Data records
BEGIN
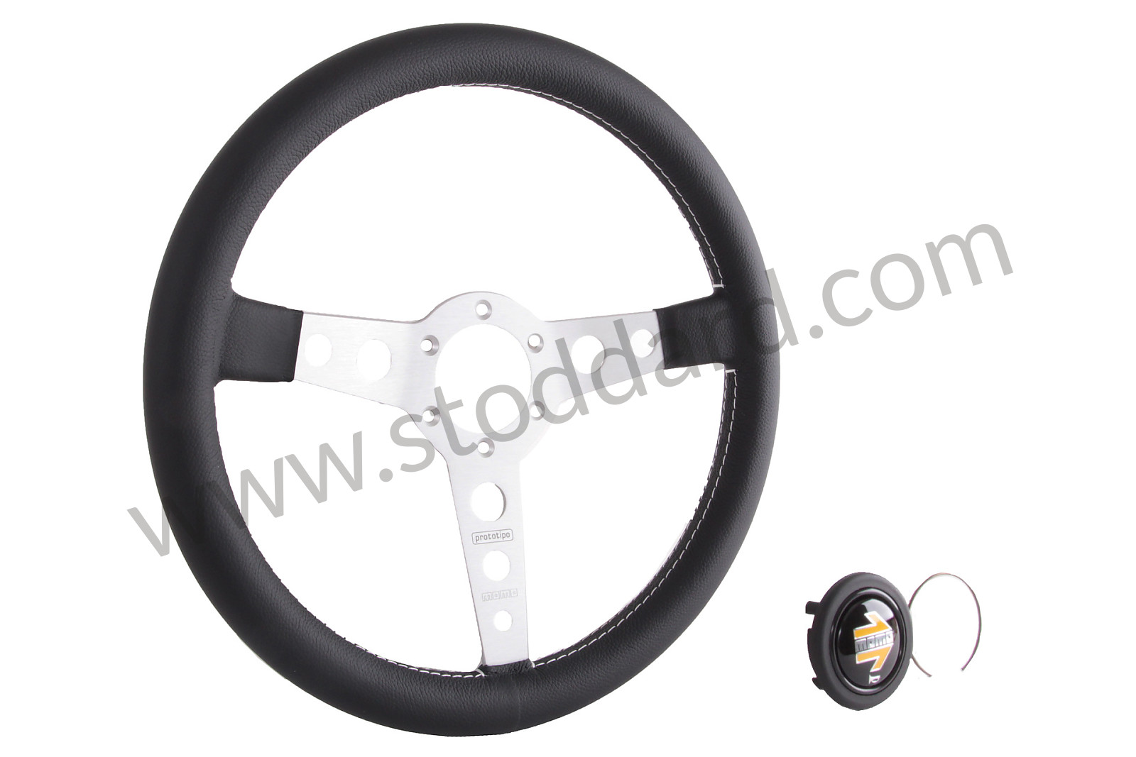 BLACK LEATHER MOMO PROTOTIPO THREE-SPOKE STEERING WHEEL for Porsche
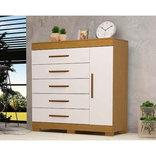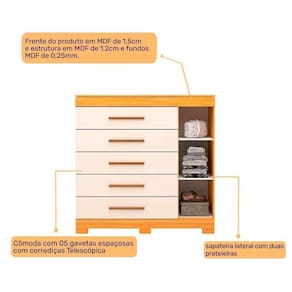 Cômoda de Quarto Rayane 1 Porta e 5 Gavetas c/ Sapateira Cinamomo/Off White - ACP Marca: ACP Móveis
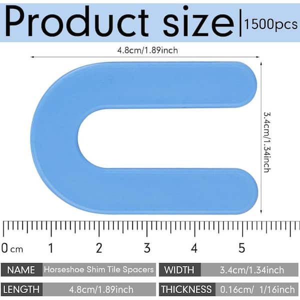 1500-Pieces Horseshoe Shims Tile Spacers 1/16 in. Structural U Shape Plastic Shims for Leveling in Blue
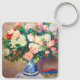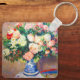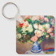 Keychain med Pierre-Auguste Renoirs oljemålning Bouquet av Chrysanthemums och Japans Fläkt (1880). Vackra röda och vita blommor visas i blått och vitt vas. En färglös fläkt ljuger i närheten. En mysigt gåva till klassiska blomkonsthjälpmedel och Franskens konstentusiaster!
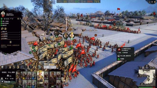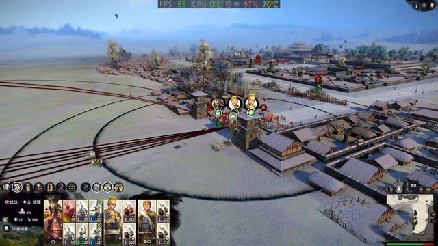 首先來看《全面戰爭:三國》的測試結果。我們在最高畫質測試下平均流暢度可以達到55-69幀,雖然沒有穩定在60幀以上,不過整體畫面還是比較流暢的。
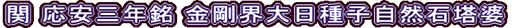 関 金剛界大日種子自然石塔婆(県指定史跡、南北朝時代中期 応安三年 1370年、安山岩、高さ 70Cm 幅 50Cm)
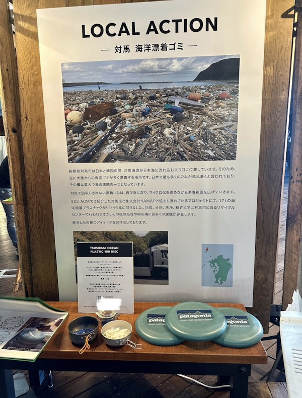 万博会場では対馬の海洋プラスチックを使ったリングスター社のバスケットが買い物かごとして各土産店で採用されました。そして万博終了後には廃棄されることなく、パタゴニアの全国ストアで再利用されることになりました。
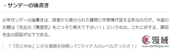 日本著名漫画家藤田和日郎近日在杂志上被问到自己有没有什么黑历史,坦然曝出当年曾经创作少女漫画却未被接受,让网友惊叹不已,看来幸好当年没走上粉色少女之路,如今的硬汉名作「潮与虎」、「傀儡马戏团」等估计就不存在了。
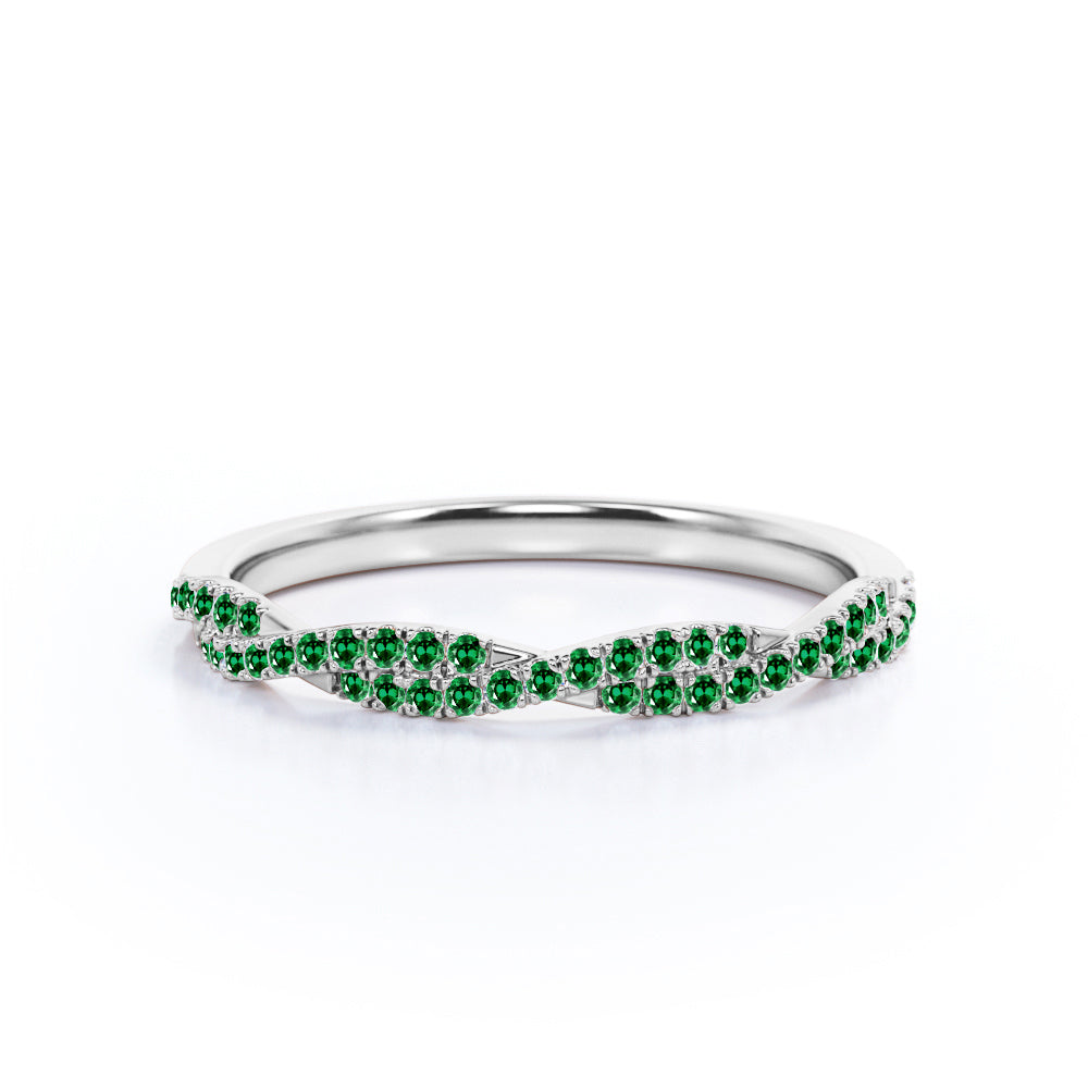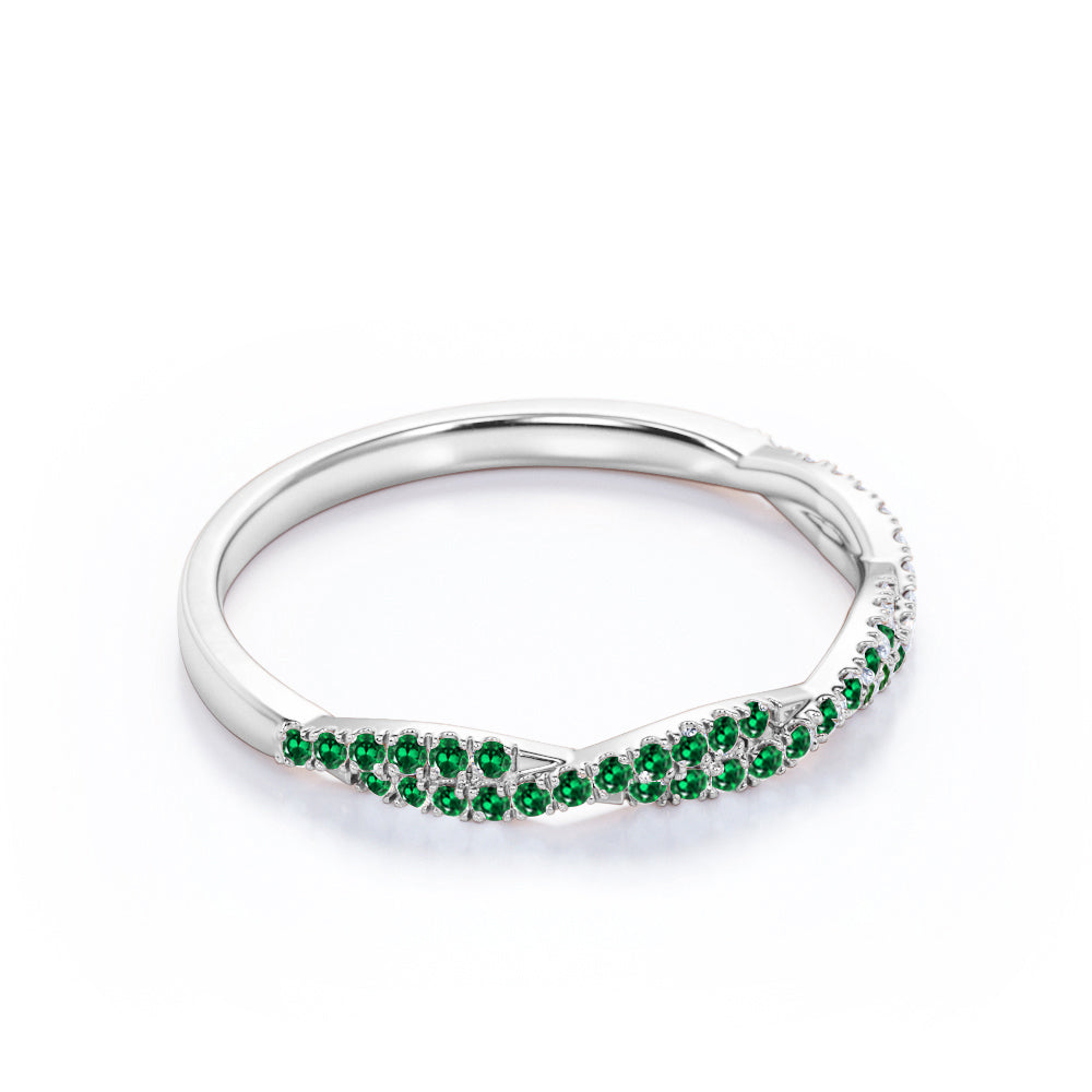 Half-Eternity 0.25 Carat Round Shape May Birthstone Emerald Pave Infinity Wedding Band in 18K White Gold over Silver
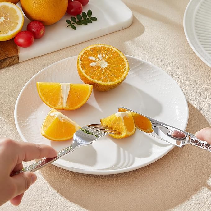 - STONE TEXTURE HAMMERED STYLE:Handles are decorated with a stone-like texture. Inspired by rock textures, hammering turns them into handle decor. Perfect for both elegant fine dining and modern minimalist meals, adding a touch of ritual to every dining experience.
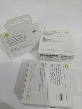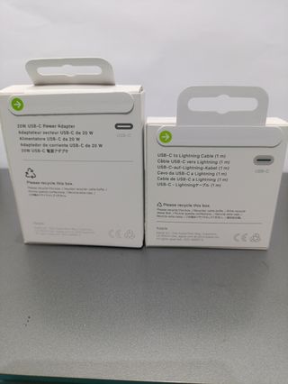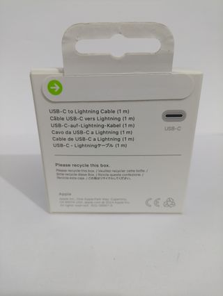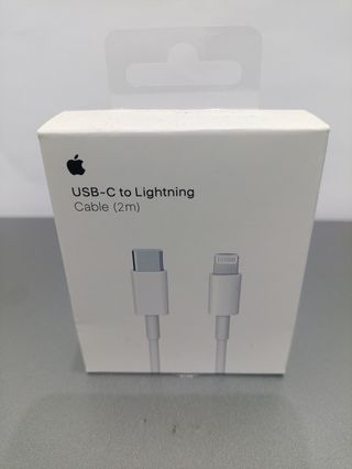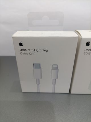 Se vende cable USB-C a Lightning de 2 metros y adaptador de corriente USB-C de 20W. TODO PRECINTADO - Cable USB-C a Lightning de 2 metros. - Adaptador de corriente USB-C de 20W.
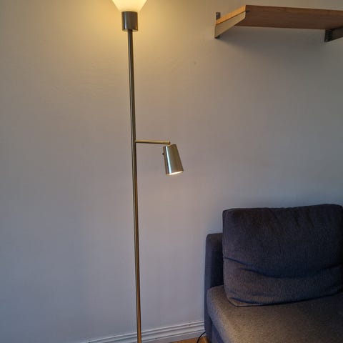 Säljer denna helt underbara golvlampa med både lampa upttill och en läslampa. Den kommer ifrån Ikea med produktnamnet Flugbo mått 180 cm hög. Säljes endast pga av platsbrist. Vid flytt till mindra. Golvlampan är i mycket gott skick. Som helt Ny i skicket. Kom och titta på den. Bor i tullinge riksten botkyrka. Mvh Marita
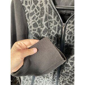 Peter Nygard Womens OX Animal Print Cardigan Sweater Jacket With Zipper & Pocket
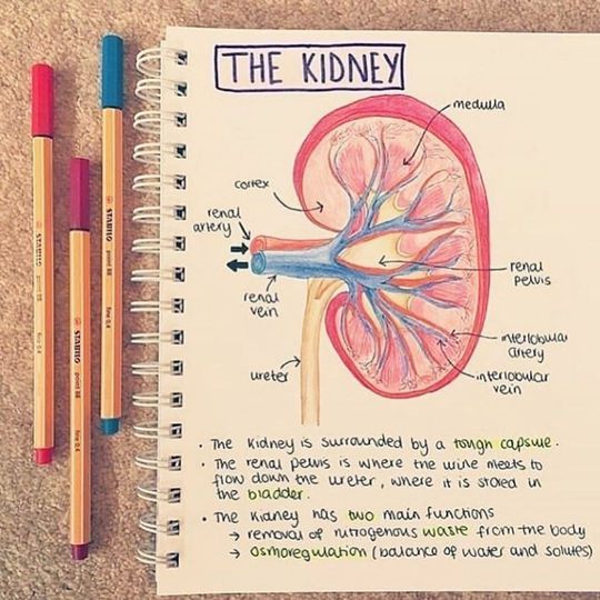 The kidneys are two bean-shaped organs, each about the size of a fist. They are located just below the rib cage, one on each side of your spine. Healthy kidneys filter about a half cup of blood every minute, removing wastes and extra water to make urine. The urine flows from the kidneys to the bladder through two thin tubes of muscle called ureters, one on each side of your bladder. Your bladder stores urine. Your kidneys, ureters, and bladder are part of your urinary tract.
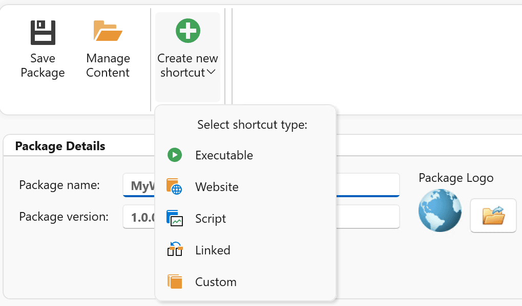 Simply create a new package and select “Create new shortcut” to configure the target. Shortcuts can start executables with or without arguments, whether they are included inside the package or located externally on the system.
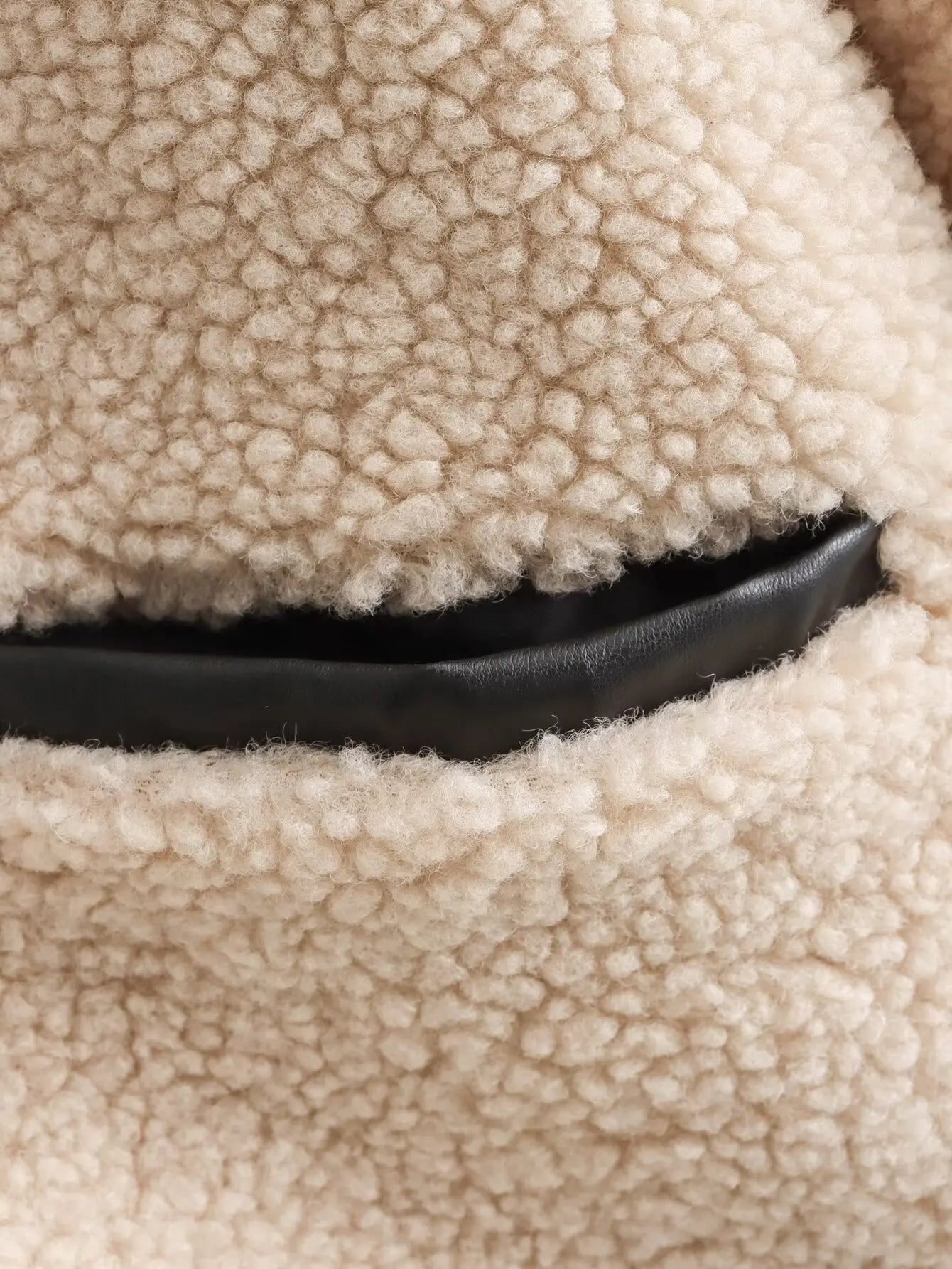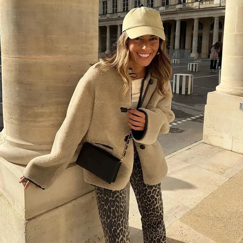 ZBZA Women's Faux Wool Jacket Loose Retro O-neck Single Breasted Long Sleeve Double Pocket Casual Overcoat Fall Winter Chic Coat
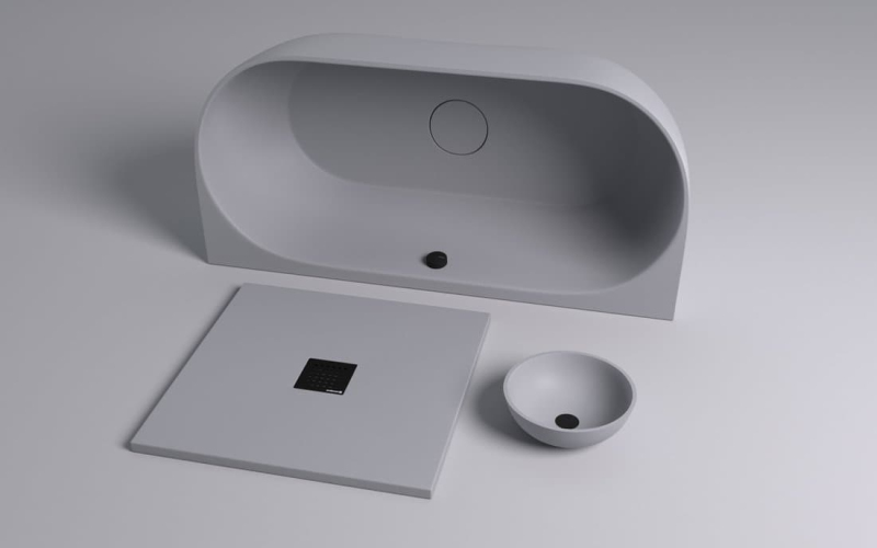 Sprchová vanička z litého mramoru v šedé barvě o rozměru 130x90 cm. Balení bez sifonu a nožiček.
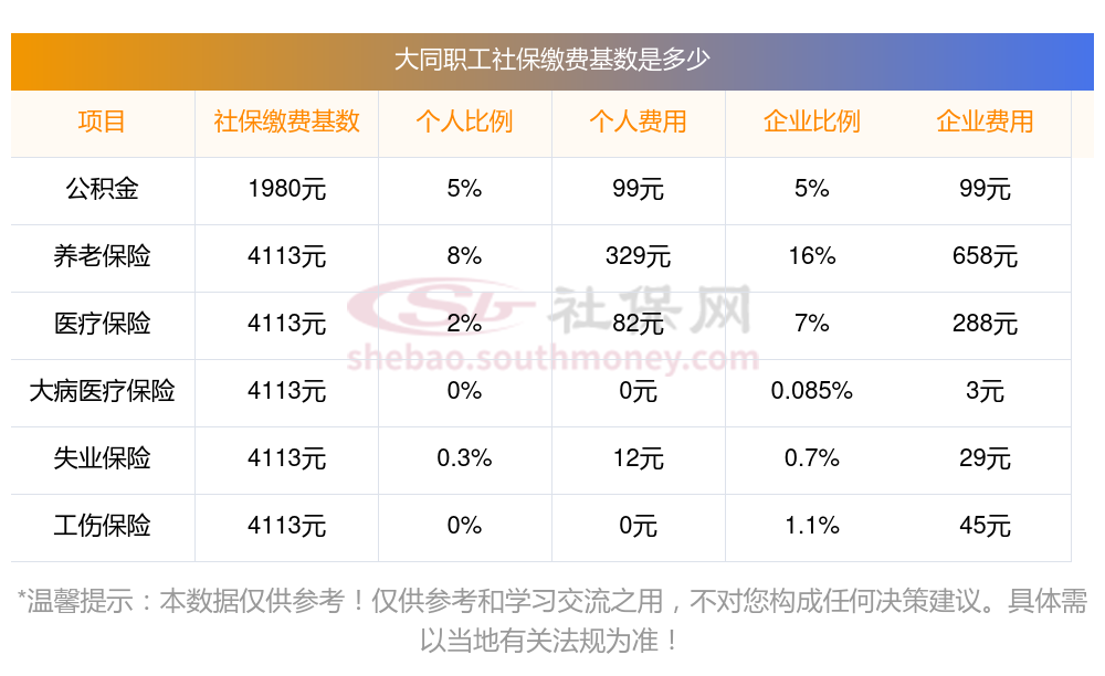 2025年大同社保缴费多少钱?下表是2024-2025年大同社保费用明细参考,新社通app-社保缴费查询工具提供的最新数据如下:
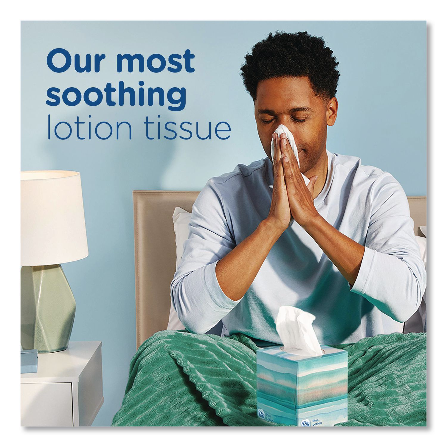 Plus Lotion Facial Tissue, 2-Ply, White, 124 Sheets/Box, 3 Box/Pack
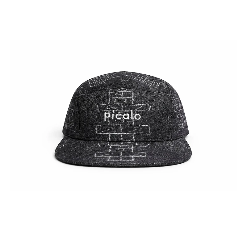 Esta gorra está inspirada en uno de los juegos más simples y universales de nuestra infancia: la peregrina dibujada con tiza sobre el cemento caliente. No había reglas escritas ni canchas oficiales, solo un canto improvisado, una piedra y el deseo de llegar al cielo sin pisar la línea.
END
Work item: Copy only what lies between the line with "万博会場では対馬の海洋プラス" and the line with "Half-Eternity 0.25 Carat", those two lines included, exactly as given above; pictures stay out.

Solution:
 万博会場では対馬の海洋プラスチックを使ったリングスター社のバスケットが買い物かごとして各土産店で採用されました。そして万博終了後には廃棄されることなく、パタゴニアの全国ストアで再利用されることになりました。
 日本著名漫画家藤田和日郎近日在杂志上被问到自己有没有什么黑历史,坦然曝出当年曾经创作少女漫画却未被接受,让网友惊叹不已,看来幸好当年没走上粉色少女之路,如今的硬汉名作「潮与虎」、「傀儡马戏团」等估计就不存在了。
 Half-Eternity 0.25 Carat Round Shape May Birthstone Emerald Pave Infinity Wedding Band in 18K White Gold over Silver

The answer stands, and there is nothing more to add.